Al recente forum “La Roadmap del futuro per il Food&Beverage” organizzato da The European House –Ambrosetti si è parlato anche del mercato dei prodotti tipici italiani imitati per cui il consumatore straniero è ingannato.
Senza questo fenomeno, il cosiddetto Italian sounding, il valore dell’export agroalimentare italiano potrebbe raddoppiare dagli attuali quasi 59 a ben 119 miliardi di euro. Nel 2022 il fenomeno complessivo che comprende l’utilizzo di denominazioni, riferimenti geografici, immagini, combinazioni cromatiche e marchi che evocano l’Italia su etichette e confezioni di prodotti agroalimentari non italiani nel mondo, è stato pari a 91 miliardi di euro. Di questi si stima che 60 riguardino direttamente i consumatori stranieri che realmente desiderano acquistare prodotti Made in Italy ma sono ingannati da queste azioni di marketing.
Le esportazioni italiane
Fortunatamente nel frattempo le esportazioni italiane crescono: l’ultimo anno si è chiuso con un incremento del 15,3% per i prodotti agroalimentari dal nostro Paese. Si tratta della crescita più importante registrata dal 2000. Come descritto nel rapporto di The European House-Ambrosetti l’Italia vanta oggi il primato come esportatore nel mondo di polpe e pelati di pomodoro (76,7% sul totale dell’export mondiale), di pasta (48,4%), di castagne sgusciate (32,6%), di passate e concentrati di pomodoro (24,2% del mercato) e è al secondo posto per vino, formaggi freschi, kiwi, liquori, mele e nocciole.
Tra i fattori che limitano l’ulteriore crescita delle nostre esportazioni, oltre la nota frammentazione del settore, composto per l’85,4% da piccole imprese, c’è appunto il deleterio fenomeno dell’Italian sounding.
Come recuperare i miliardi “sottratti”?
Ambrosetti e ISMEA ipotizzano 3 possibili scenari per riconquistare gli spazi occupati dalle imitazioni dei prodotti tipici italiani.
Raddoppiando il tasso di crescita degli investimenti attuali servirebbero 27 anni per convertire l’Italian sounding in nuovo fatturato, e quindi export, delle imprese italiane. Raddoppiare, invece, il tasso di crescita degli investimenti, ma anche la loro produttività puntando su innovazione e digitalizzazione, dimezzerebbe quasi i tempi, a15 anni. Nel terzo e migliore scenario al raddoppio del tasso di crescita di investimenti e produttività si aggiunge l’impulso dei fondi del PNRR. In questo caso si potrebbe arrivare entro 11 anni all’obiettivo prefissato di “trasformare” i 60 miliardi di vendite Italian sounding in export agroalimentare effettivo.

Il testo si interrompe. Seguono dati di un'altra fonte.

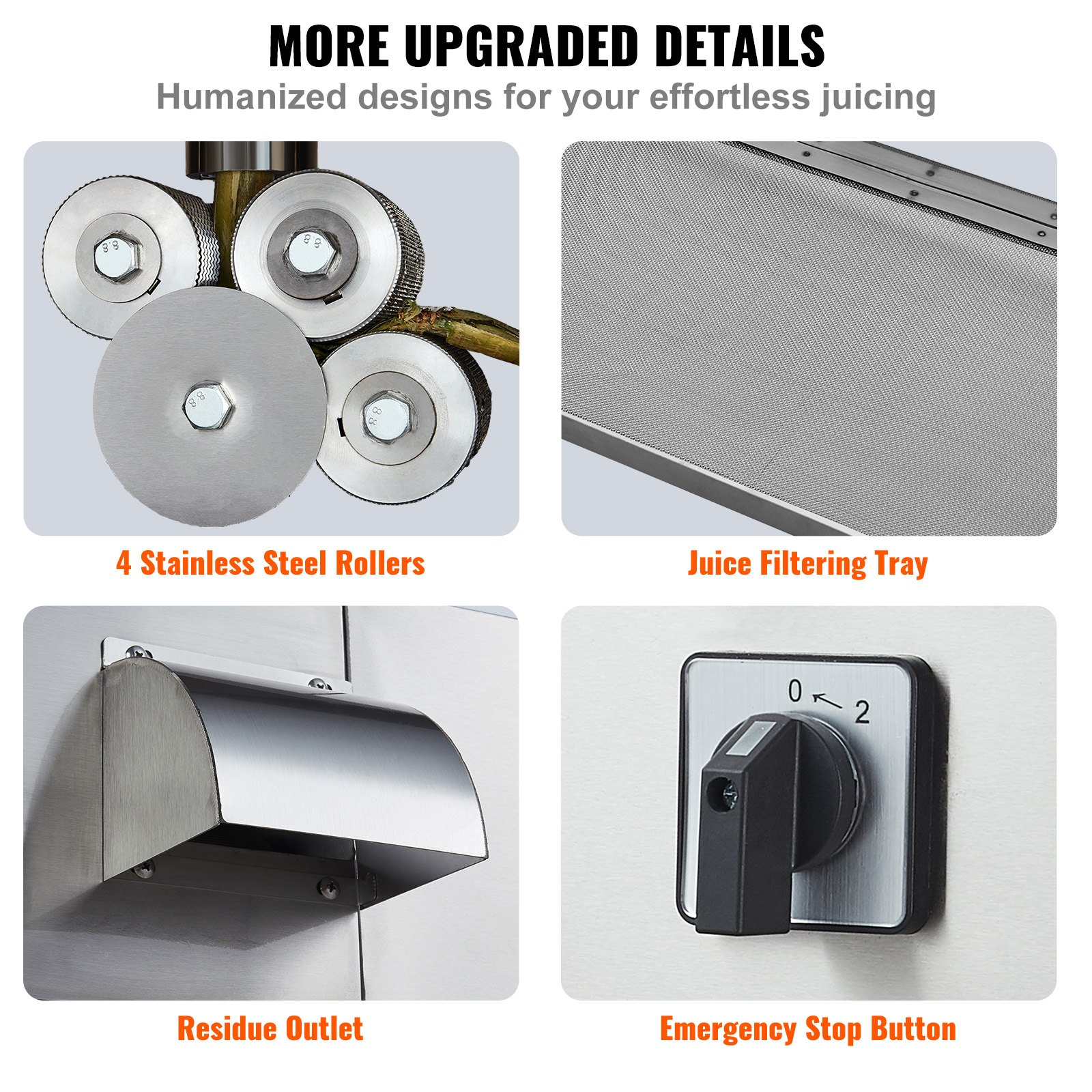 PRODUCT DESCRIPTION VEVOR Electric Sugar Cane Juicer, 800W Sugarcane Juicer Machine with 661LBS/H High Output, 4 Stainless Steel Roller, Auto Roller Pressure Adjustment Sugarcane Juice Press Extractor for Home/Commercial

“Abbiamo realizzato un vero e proprio manifesto per contrastare l’Italian soundingha”, spiegato Benedetta Brioschi Associate Partner e Responsabile Food&Retail, The European House – Ambrosetti. “Con azioni concrete finalizzate a consolidare il ruolo dell’Italia come Paese di riferimento nello sviluppo delle eccellenze per far vivere meglio il mondo. È necessario attrarre investimenti produttivi nel settore agroalimentare italiano per incrementare la capacità di assorbimento dell’Italian sounding, aumentare la consapevolezza dei consumatori stranieri sulla qualità del made in Italy e comunicarlo con efficacia.
Non solo, l’educazione del consumatore deve essere un aspetto fondamentale così come una concreta riduzione delle barriere tariffarie doganali o l’introduzione di meccanismi di disincentivazione alle indicazioni fallaci. Le aziende del settore Food&Beverage devono avere la possibilità di rafforzare la competitività internazionale, magari sostenute da ambasciatori del made in Italy. Non ultima l’adozione di soluzioni che consentano la tracciabilità dei prodotti e avviare un processo di internazionalizzazione della filiera della Distribuzione Italiana”.